Şimdi başka illerde yapılan kutlamalara bakıyorum, Kayseri’de yapılan kutlamalara katıldım bir gazeteci olarak gözlemledim. Sonra bir kıyas yaptım. Çocukluğum nevruz ateşinin etrafında döndü durdu. Hiçbir siyasetin bulaştırılmadığı, kimsenin gölgelemediği insanların tek amacının baharın gelişini kutlamak olduğu nevruzlar… Öyle bir güvenlik önlemi vardı ki onlara da hak vermiyor değilim elbette. Bu güvenlik önlemlerini almasalar bir olay çıksa bu kez de ‘güvenlik zafiyeti’ denilecek. O yüzden keşke bu hale gelmeseydik demekten başka bir şey yapamıyorum.
Bahar bayramının, Nevruzun siyasileşmesine izin vermemeliydik. Güvenlik güçlerinin arasında sıkışıp kutlamamalıydık.

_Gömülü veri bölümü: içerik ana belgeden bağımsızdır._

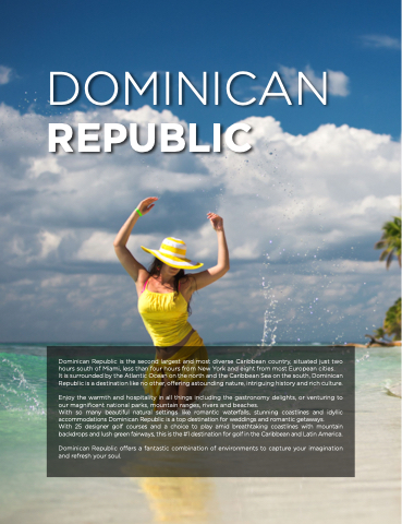 Dominican Republic is the second largest and most diverse Caribbean country, situated just two hours south of Miami, less than four hours from New York and eight from most European cities.
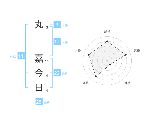 丸 嘉今日さんを姓名の画数から五運を鑑定

Eski oturduğum mahallemde çocuklarla o günü dört gözle beklerdik. Ateş yakıldığında heyecanla koşardık. O gün ekstra güvenlik önlemi değil ekstra gülücükler olurdu etrafımızda… En renkli ve pullu kıyafetler giyilirdi. Ateşin üzerinden atlayan ağabeyler, ablalar olurdu. Bizi küçüğüz diye atlatmadıklarında üzülürdük. Ateş sönmeye yakın gönlümüzü alıp bizi de atlatırlardı. Ateşin etrafında halaylar çekilir çeşitli oyunlar oynanırdı. Özenle rengarenk boyanmış yumurtaları tokuştururduk. Rengârenk olurdu her yer kimse korkmazdı ama. Kimse yanındakine şüpheyle bakmazdı. Peki ne zaman bu hala geldik?